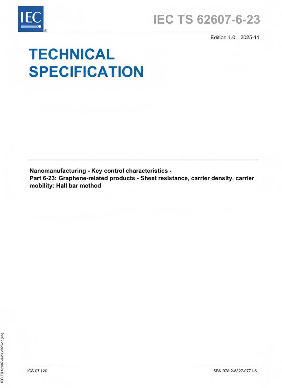 近日,国际电工委员会纳米电工产品与系统技术委员会(IEC/TC 113)正式发布国际标准IEC TS 62607-6-23:2025 Nanomanufacturing - Key control characteristics - Part 6-23: Graphene-related products - Sheet resistance, carrier density, carrier mobility: Hall bar method(纳米制造 - 关键控制特性 - 第6-23部分:石墨烯相关产品 – 方块电阻,载流子浓度,载流子迁移率:霍尔棒法)。该标准由中国科学院上海微系统与信息技术研究所王浩敏研究团队牵头提案并组织编制,国家纳米科学中心、深圳市标准技术研究院、泰州巨纳新能源有限公司以及来自德国、韩国、加拿大的专家参与制定工作。
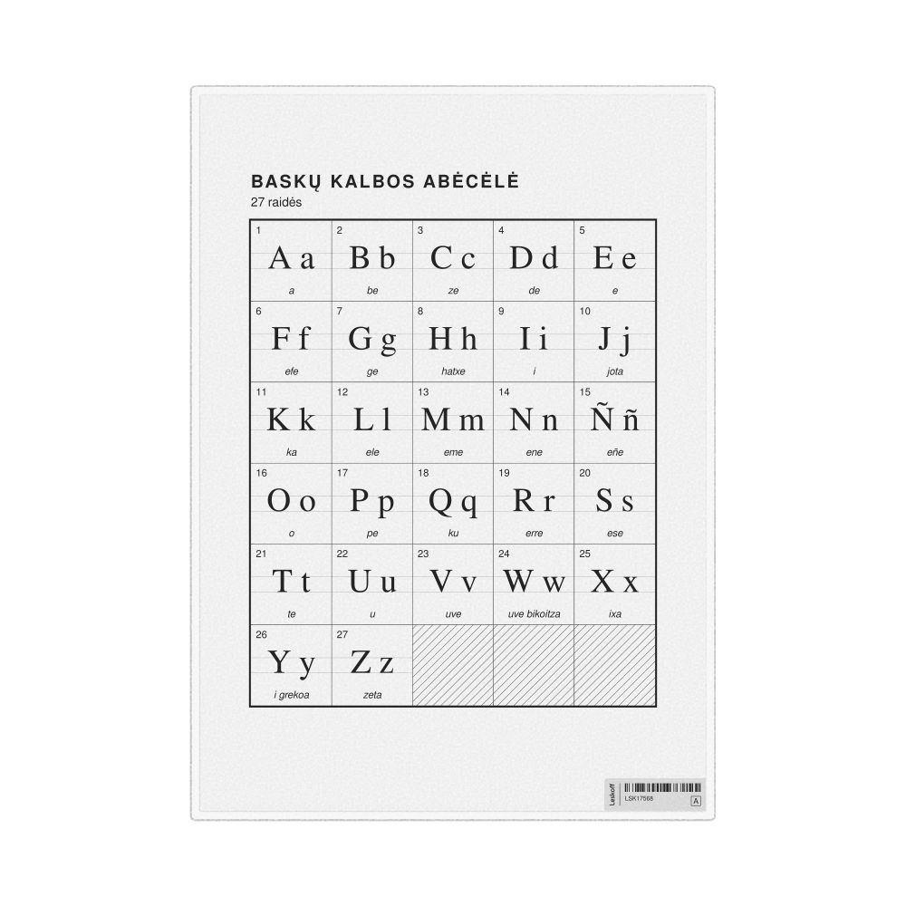 The Basque alphabet chart (the full set of letters) labeled in Lithuanian (Baskų kalbos abėcėlė) in the 8.3 x 11.7 in (21.0 x 29.7 cm, desk chart, laminated) format.
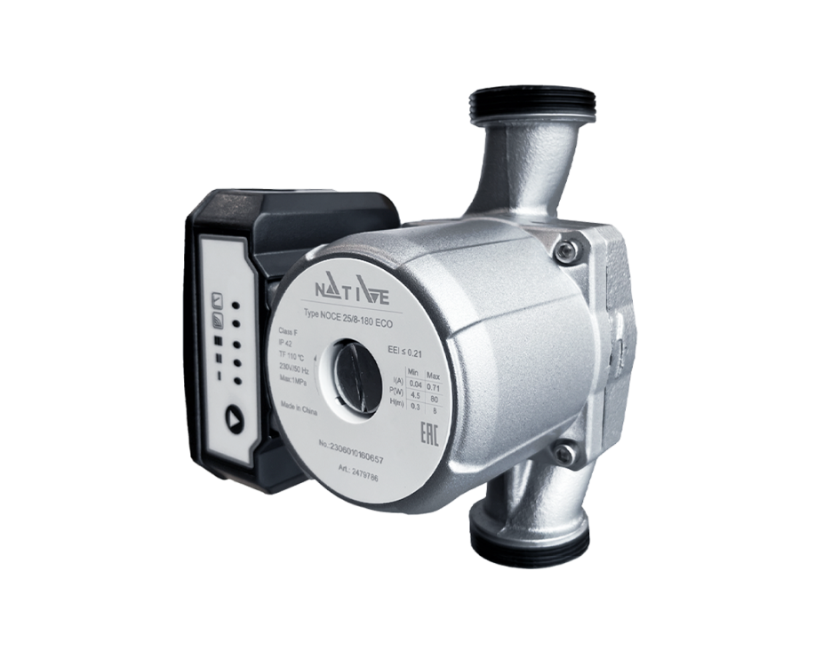 Циркуляционный насос Native NOCE 30/12-180 ECO - энергоэффективное оборудование, созданное для использования в системах отопления, кондиционирования и промышленных циркуляционных системах. Он отличается высокой эффективностью благодаря мокрому ротору и резьбовому соединению.

━━━━━━━━━━━━━━━━━━━━━━━━━━━━━━

— Task brief —
Nothing should appear in the answer except the lines from the one containing "The Basque alphabet" through the last line of the listing, given again exactly and with no pictures.

— Result for this exercise —
 The Basque alphabet chart (the full set of letters) labeled in Lithuanian (Baskų kalbos abėcėlė) in the 8.3 x 11.7 in (21.0 x 29.7 cm, desk chart, laminated) format.
 Циркуляционный насос Native NOCE 30/12-180 ECO - энергоэффективное оборудование, созданное для использования в системах отопления, кондиционирования и промышленных циркуляционных системах. Он отличается высокой эффективностью благодаря мокрому ротору и резьбовому соединению.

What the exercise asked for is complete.